Task prompt → Using the data that follows, give again word for word the lines between the one holding "A $2,500 granite" and the one holding "今から約40年前の1987年", inclusive. Omit the pictures.

==== Source material ====

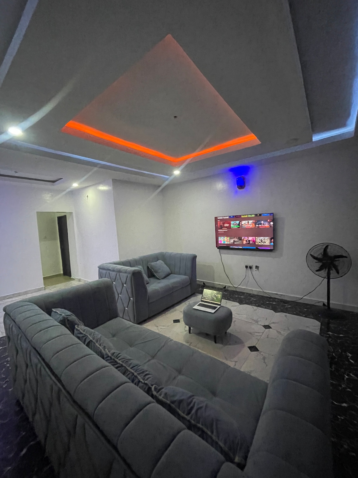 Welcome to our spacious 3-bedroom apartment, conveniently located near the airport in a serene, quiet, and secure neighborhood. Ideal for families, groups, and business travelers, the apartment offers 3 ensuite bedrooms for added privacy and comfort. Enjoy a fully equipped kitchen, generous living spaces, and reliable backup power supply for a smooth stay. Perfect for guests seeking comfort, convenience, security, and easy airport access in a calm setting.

====
==== Source material ====

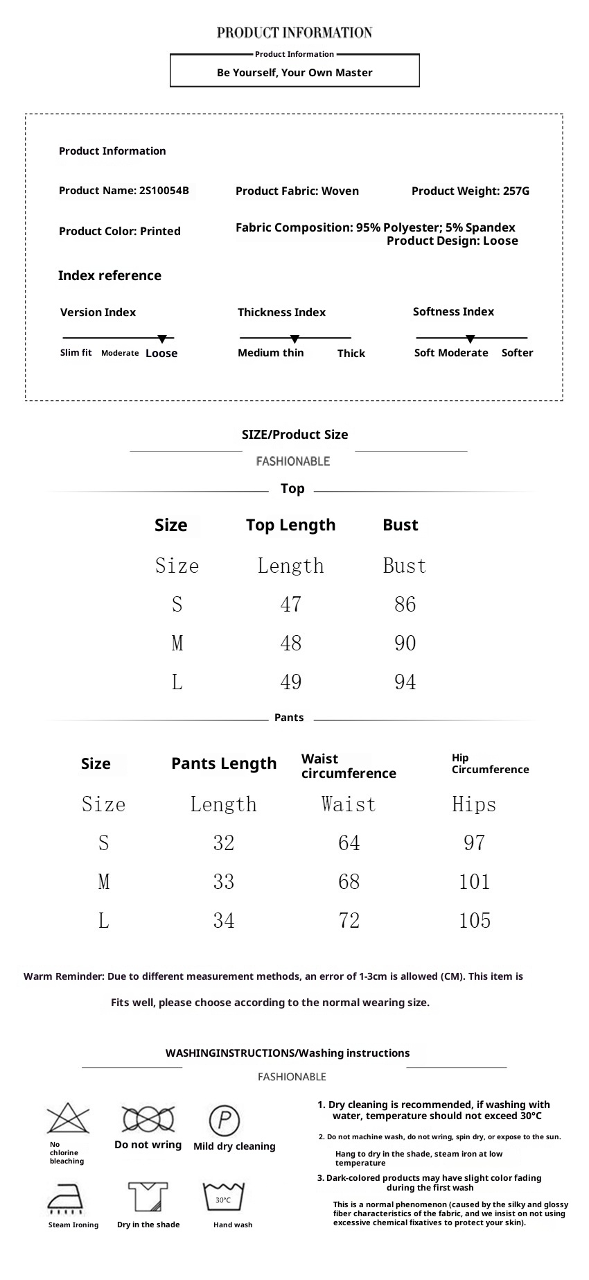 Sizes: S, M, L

====
==== Source material ====

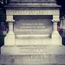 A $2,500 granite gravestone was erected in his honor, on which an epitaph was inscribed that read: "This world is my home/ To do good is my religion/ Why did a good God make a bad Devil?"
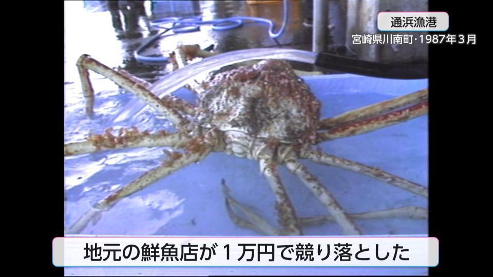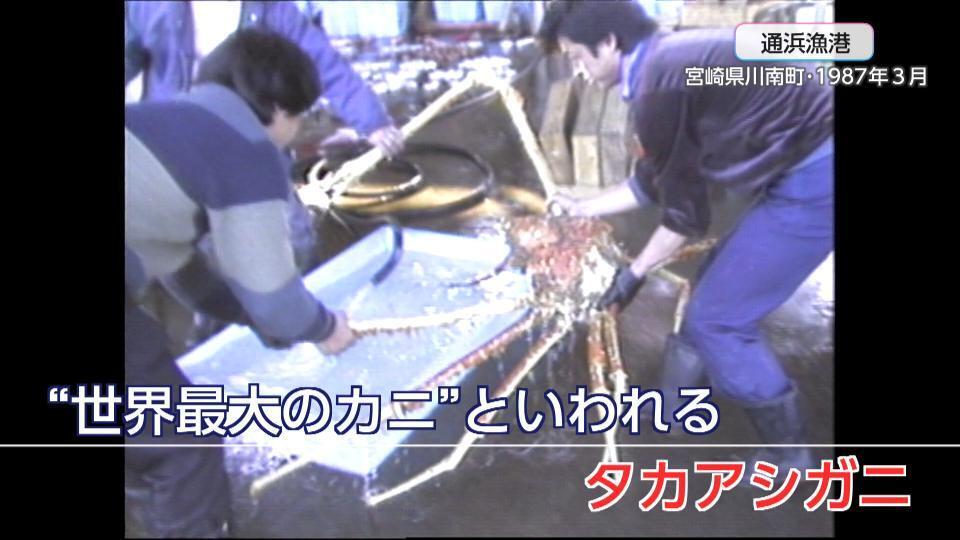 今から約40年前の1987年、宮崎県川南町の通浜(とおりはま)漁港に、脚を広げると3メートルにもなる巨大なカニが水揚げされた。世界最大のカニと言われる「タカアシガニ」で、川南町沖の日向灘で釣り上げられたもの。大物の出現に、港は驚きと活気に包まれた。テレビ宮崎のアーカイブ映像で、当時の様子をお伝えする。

====

Your response →
 A $2,500 granite gravestone was erected in his honor, on which an epitaph was inscribed that read: "This world is my home/ To do good is my religion/ Why did a good God make a bad Devil?"
 今から約40年前の1987年、宮崎県川南町の通浜(とおりはま)漁港に、脚を広げると3メートルにもなる巨大なカニが水揚げされた。世界最大のカニと言われる「タカアシガニ」で、川南町沖の日向灘で釣り上げられたもの。大物の出現に、港は驚きと活気に包まれた。テレビ宮崎のアーカイブ映像で、当時の様子をお伝えする。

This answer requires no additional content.